**** Data provided

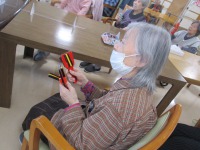 今日の音楽レクは鳴子や鈴やタンバリンを使い、音楽に合わせて演奏しました♪なかなか楽器に触れる機会もない為、「楽しい!」「みんなでやるといいね!」などと楽しんで頂けました(^O^)また、音楽体操や音楽を使った脳トレなども行い一時間たっぷりと音楽に触れながら脳も活性化されました!
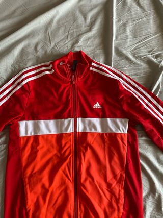 Chaqueta deportiva Adidas con un diseño moderno y cómodo. - Material suave y agradable al tacto. - Detalle de rayas en color rojoy blanco en las mangas. - Logo de Adidas bordado en el pecho.
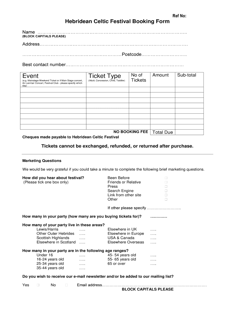 Ref No: Hebrides Celtic Festival Booking Form Name. (BLOCK CAPITALS PLEASE) Address. Postcode. Best contact number Event Ticket Type (e.g. Main stage.
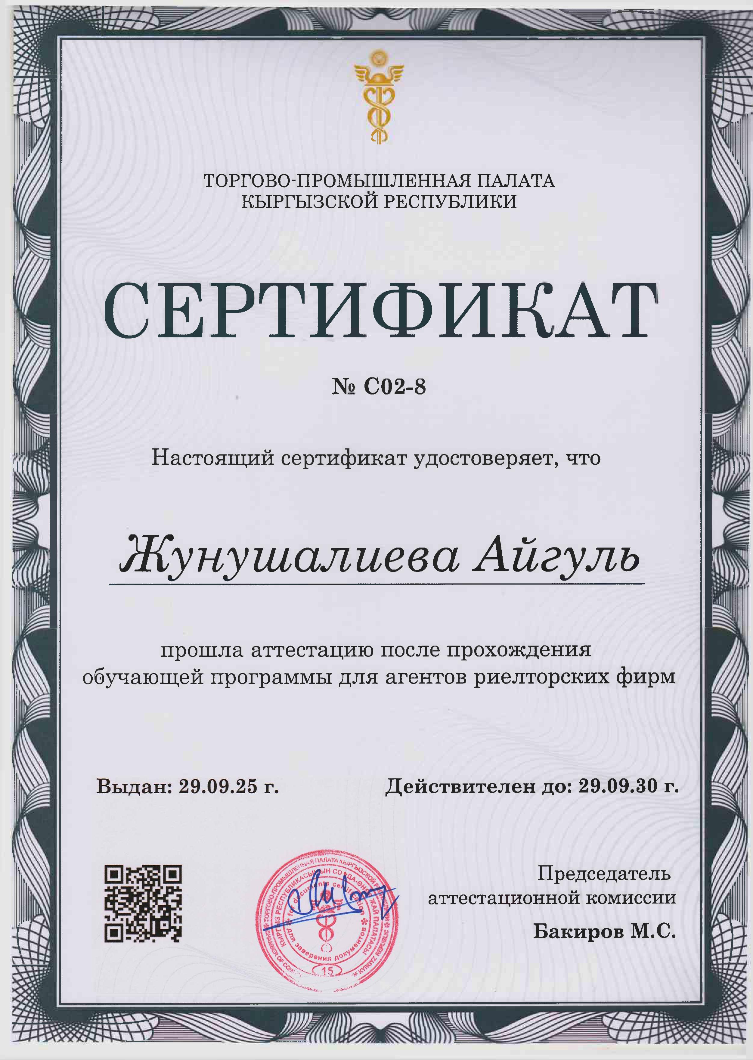 Регистрационный номер сертификата о прохождении аттестации: № C02-8

********

What to do:
Give back all the material exactly, with no pictures.

Result:
 今日の音楽レクは鳴子や鈴やタンバリンを使い、音楽に合わせて演奏しました♪なかなか楽器に触れる機会もない為、「楽しい!」「みんなでやるといいね!」などと楽しんで頂けました(^O^)また、音楽体操や音楽を使った脳トレなども行い一時間たっぷりと音楽に触れながら脳も活性化されました!
 Chaqueta deportiva Adidas con un diseño moderno y cómodo. - Material suave y agradable al tacto. - Detalle de rayas en color rojoy blanco en las mangas. - Logo de Adidas bordado en el pecho.
 Ref No: Hebrides Celtic Festival Booking Form Name. (BLOCK CAPITALS PLEASE) Address. Postcode. Best contact number Event Ticket Type (e.g. Main stage.
 Регистрационный номер сертификата о прохождении аттестации: № C02-8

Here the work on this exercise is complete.